A review of music written using Latin texts in service of the liturgy of the Catholic Church encompassing music written in all periods with a concentration on contemporary composers.

Tuesday, June 15, 2010

Hiley on Chant

David Hiley, Gregorian Chant [Cambridge Introductions to Music]. (Cambridge: CUP, 2009) 250 pp + illustrations.

David Hiley made a monumental contribution to the availability of chant scholarship to a more general audience with the publication of his Western Plainchant in 1993. That volume was a successor to Willi Apel's Gregorian Chant which, from the late 1950s, had been the principal work, in English, for students wanting an overall introduction to the history and issues arrounding ecclesiastical chant. Whilst the new volume contains within it a summary of previous scholarship it is quite obviously quite new introducing, to an English speaking audience, some of the research Hiley and his colleagues have done in the last decade.

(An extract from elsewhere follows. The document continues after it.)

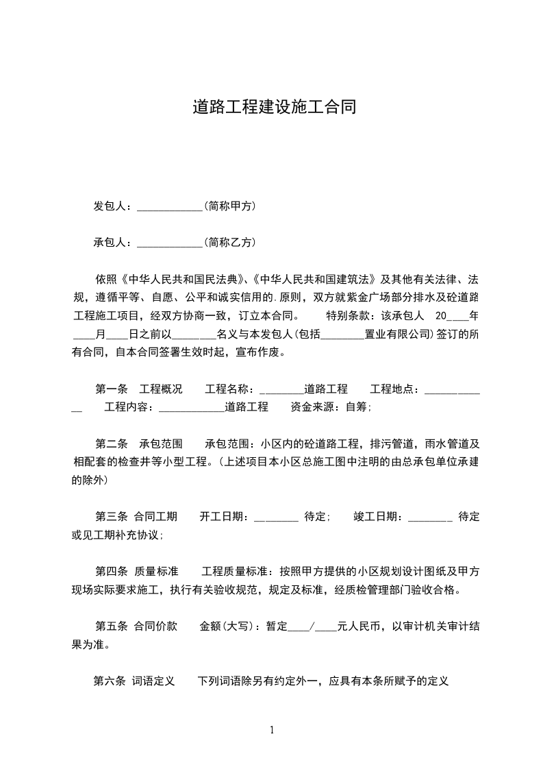 五、合同价款及支付:完工后根据实际竣工工程量结算(本合同第一条所列工程价款为综合单价,含主辅材料、人工、运输、管理费、税金、政策性文件规定、合同所包含的一切风险责任及可能发生的一切费用。

For composers working today with Latin texts there is always the need to look back to see what the principles were of the setting of the texts in former times. Much can be learnt and mistakes avoided particularly if sacred composition is new to the individual composer. Whilst designed as a 'taster', and probably aimed primarily at tertiary students as part of an introductory course, Hiley's 'Further Reading' advice, appearing at the end of each major section, is precise and uncluttered pointing towards the most recent sound scholarship on the subject.